The DAISY trial had a HER2 positive cohort where the drug was highly active, showing a rate of 69.1% [best objective] answer [BOR] rate, which is what we’ve seen in other trials in HER2-positive disease. This trial also had a HER2-weak cohort where we observed a BOR rate of 33.3%, which we had observed in other phase 1 trials. This trial also had a cohort of patients with an IHC score of 0 , a cohort we’ve never seen before. This cohort demonstrated a [30.6%] response rate, which is unexpected and raises many questions as to the best categorization of HER2. With 1+ or 2+ ISH-negative disease categorization, we may be excluding patients who might benefit from trastuzumab deruxtecan.

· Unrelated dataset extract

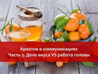 Документ рассматривает различные подходы к оценке креативности в коммуникациях, разделяя субъективные и объективные методы. Он описывает важность понимания потребностей клиентов и использования инсайтов для создания эффективного креатива. Обсуждаются различные методы исследования аудитории, включая опросы, анализ документов и наблюдение.

[We also want to know] why trastuzumab deruxtecan had activity in patients with IHC scores 0. Is it because there is minimal expression of HER2, even in this population? Or is it because the diffusing payload that detaches from the antibody may still have antitumor effects? These are all open questions. It will be important to investigate these issues in depth, particularly because there could be a population that is currently excluded from treatment with trastuzumab deruxtecan, but may still benefit from it.